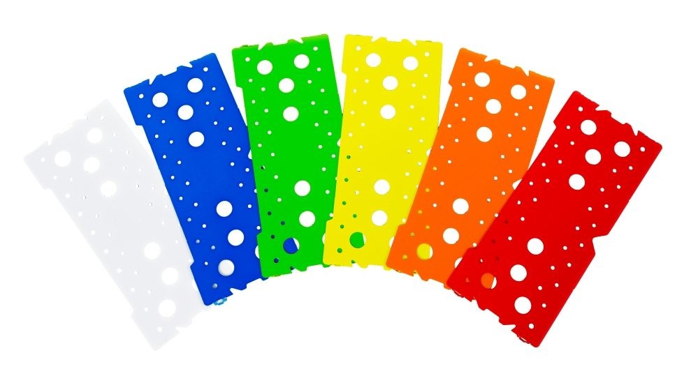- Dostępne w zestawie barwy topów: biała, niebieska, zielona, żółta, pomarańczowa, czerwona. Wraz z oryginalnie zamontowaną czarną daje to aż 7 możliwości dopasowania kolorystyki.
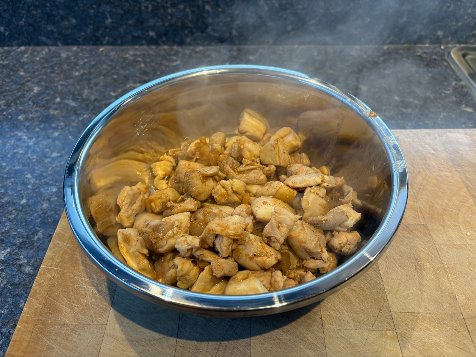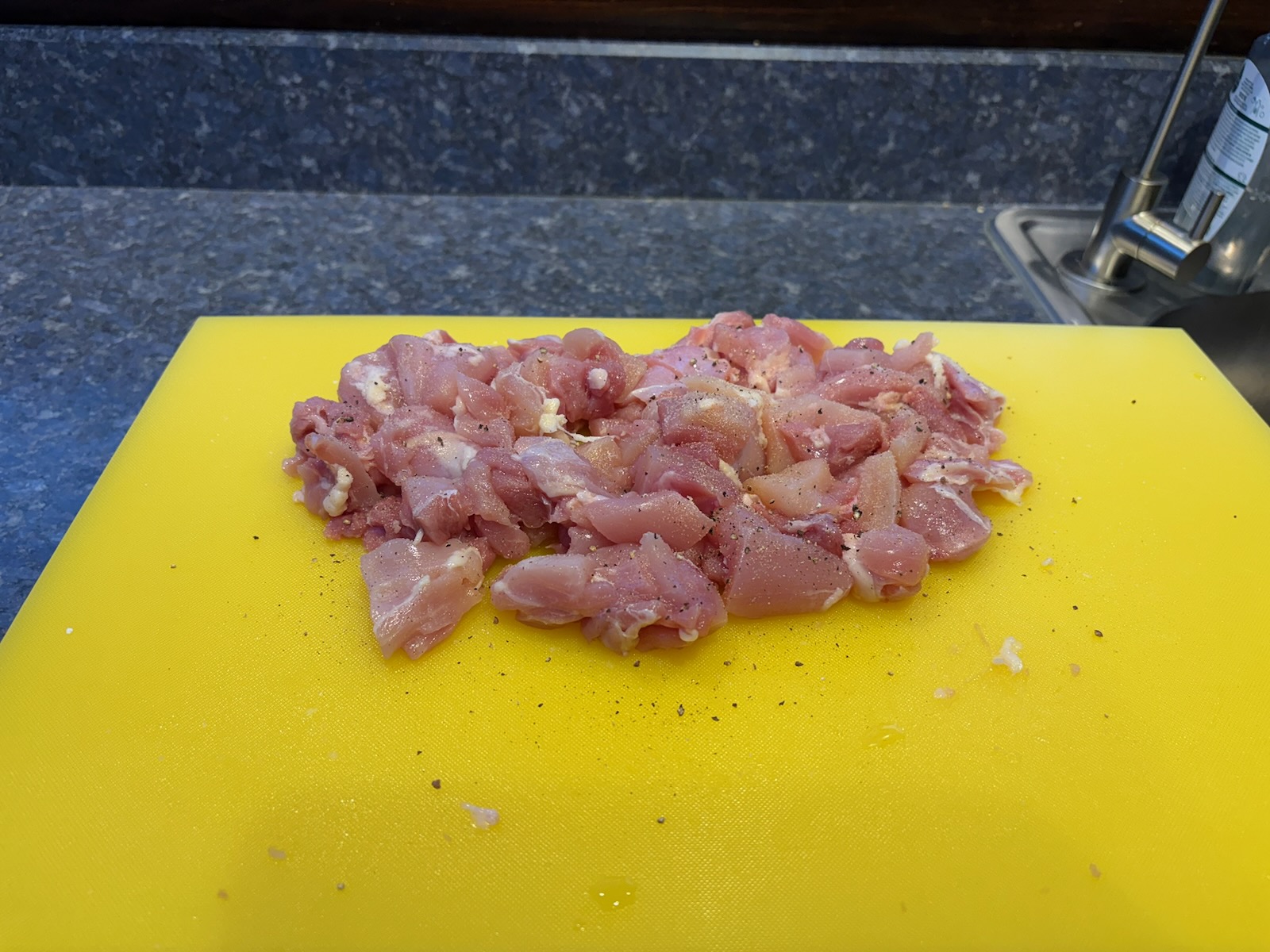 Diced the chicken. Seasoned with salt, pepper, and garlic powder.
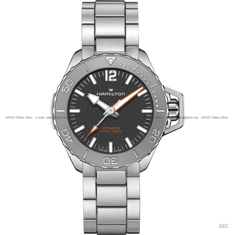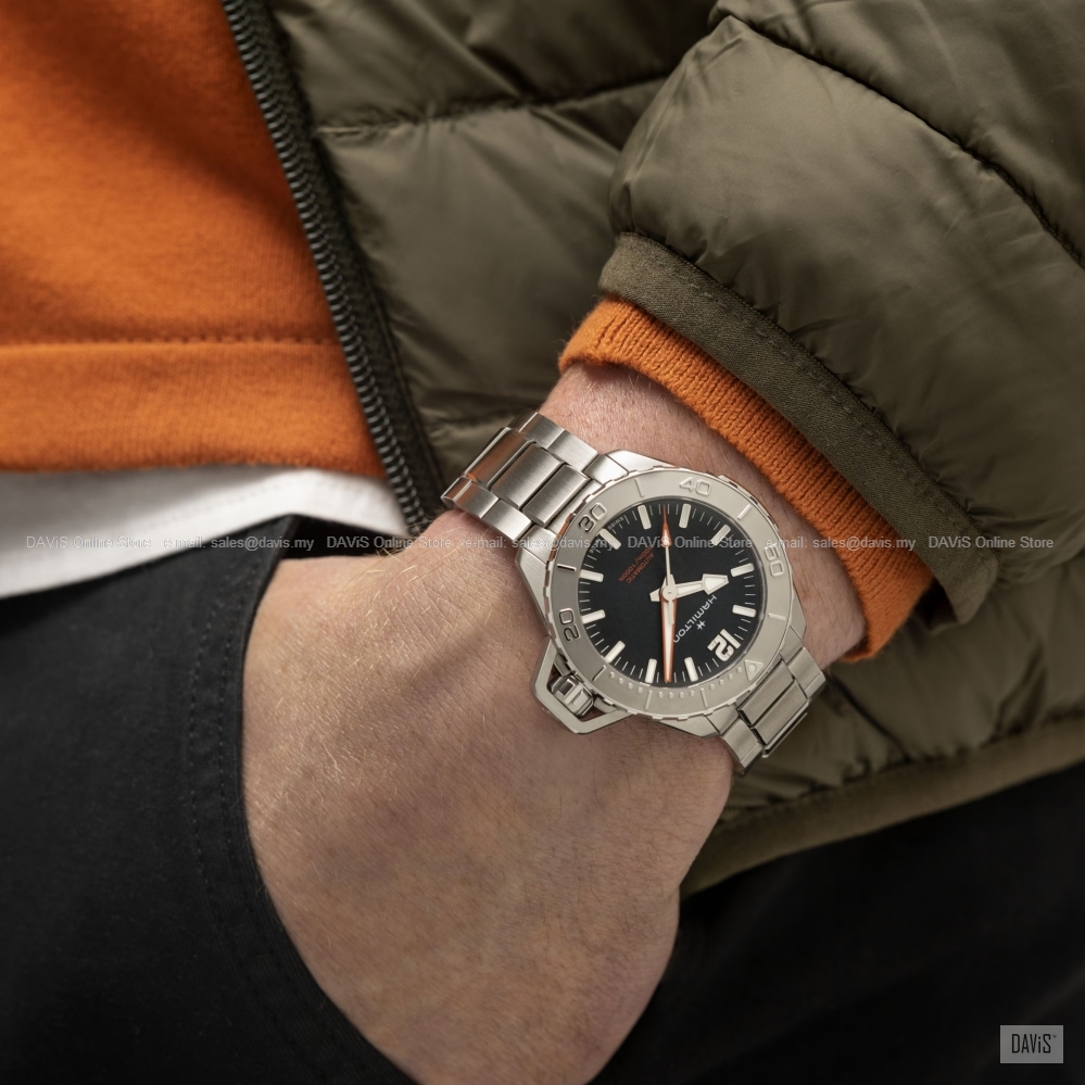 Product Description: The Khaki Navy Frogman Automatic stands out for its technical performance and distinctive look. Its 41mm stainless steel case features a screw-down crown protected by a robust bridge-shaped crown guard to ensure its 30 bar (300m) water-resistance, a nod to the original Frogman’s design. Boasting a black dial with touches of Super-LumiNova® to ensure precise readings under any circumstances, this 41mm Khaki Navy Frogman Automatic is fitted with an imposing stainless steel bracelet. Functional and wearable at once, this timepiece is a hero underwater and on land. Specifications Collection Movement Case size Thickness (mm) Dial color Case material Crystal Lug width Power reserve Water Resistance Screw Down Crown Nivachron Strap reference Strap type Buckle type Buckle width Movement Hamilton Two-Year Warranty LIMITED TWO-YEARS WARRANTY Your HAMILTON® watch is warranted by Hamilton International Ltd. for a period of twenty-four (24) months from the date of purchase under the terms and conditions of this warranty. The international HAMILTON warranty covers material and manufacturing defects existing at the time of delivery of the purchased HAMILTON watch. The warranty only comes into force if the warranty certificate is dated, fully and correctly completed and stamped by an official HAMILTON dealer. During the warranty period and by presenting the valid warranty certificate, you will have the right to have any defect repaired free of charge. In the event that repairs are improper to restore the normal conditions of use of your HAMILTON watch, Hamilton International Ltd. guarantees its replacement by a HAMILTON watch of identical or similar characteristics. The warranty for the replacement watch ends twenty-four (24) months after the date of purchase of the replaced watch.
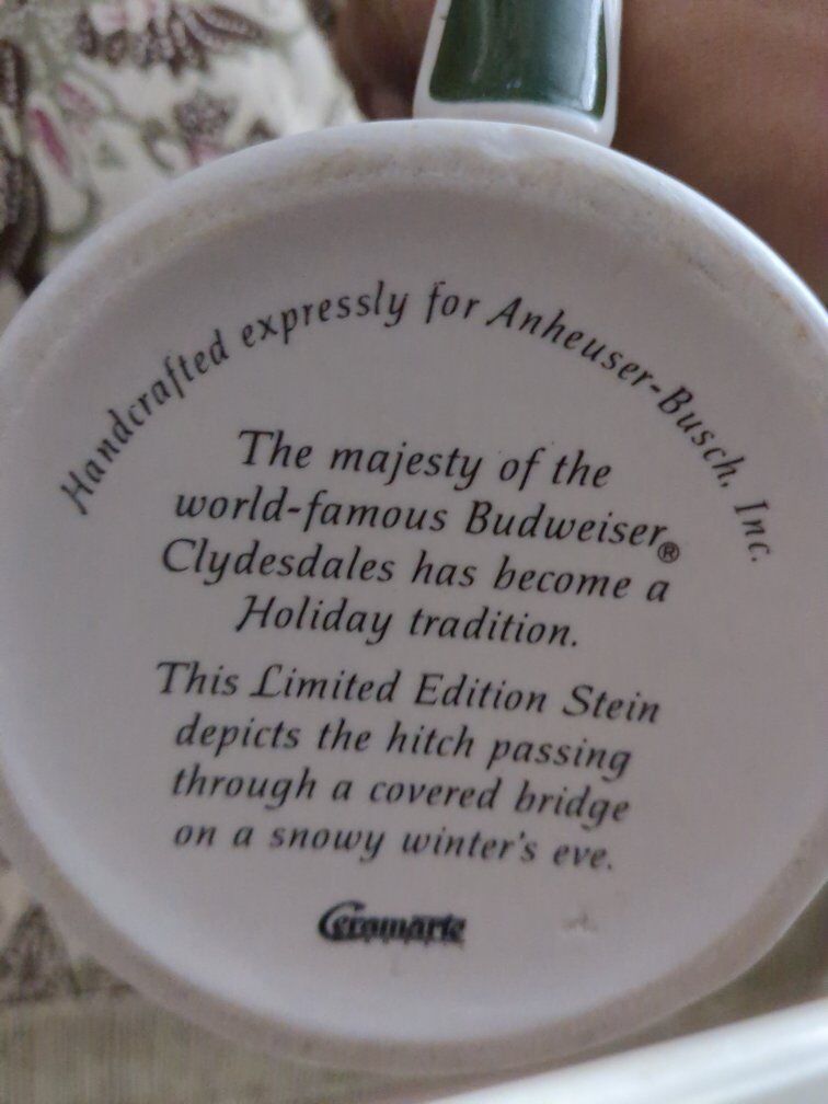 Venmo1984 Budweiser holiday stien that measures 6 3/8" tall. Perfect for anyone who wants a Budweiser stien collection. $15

**EXERCISE AIM:**
All lines above must be repeated exactly, and the pictures must be omitted.

**EXPECTED ANSWER:**
- Dostępne w zestawie barwy topów: biała, niebieska, zielona, żółta, pomarańczowa, czerwona. Wraz z oryginalnie zamontowaną czarną daje to aż 7 możliwości dopasowania kolorystyki.
 Diced the chicken. Seasoned with salt, pepper, and garlic powder.
 Product Description: The Khaki Navy Frogman Automatic stands out for its technical performance and distinctive look. Its 41mm stainless steel case features a screw-down crown protected by a robust bridge-shaped crown guard to ensure its 30 bar (300m) water-resistance, a nod to the original Frogman’s design. Boasting a black dial with touches of Super-LumiNova® to ensure precise readings under any circumstances, this 41mm Khaki Navy Frogman Automatic is fitted with an imposing stainless steel bracelet. Functional and wearable at once, this timepiece is a hero underwater and on land. Specifications Collection Movement Case size Thickness (mm) Dial color Case material Crystal Lug width Power reserve Water Resistance Screw Down Crown Nivachron Strap reference Strap type Buckle type Buckle width Movement Hamilton Two-Year Warranty LIMITED TWO-YEARS WARRANTY Your HAMILTON® watch is warranted by Hamilton International Ltd. for a period of twenty-four (24) months from the date of purchase under the terms and conditions of this warranty. The international HAMILTON warranty covers material and manufacturing defects existing at the time of delivery of the purchased HAMILTON watch. The warranty only comes into force if the warranty certificate is dated, fully and correctly completed and stamped by an official HAMILTON dealer. During the warranty period and by presenting the valid warranty certificate, you will have the right to have any defect repaired free of charge. In the event that repairs are improper to restore the normal conditions of use of your HAMILTON watch, Hamilton International Ltd. guarantees its replacement by a HAMILTON watch of identical or similar characteristics. The warranty for the replacement watch ends twenty-four (24) months after the date of purchase of the replaced watch.
 Venmo1984 Budweiser holiday stien that measures 6 3/8" tall. Perfect for anyone who wants a Budweiser stien collection. $15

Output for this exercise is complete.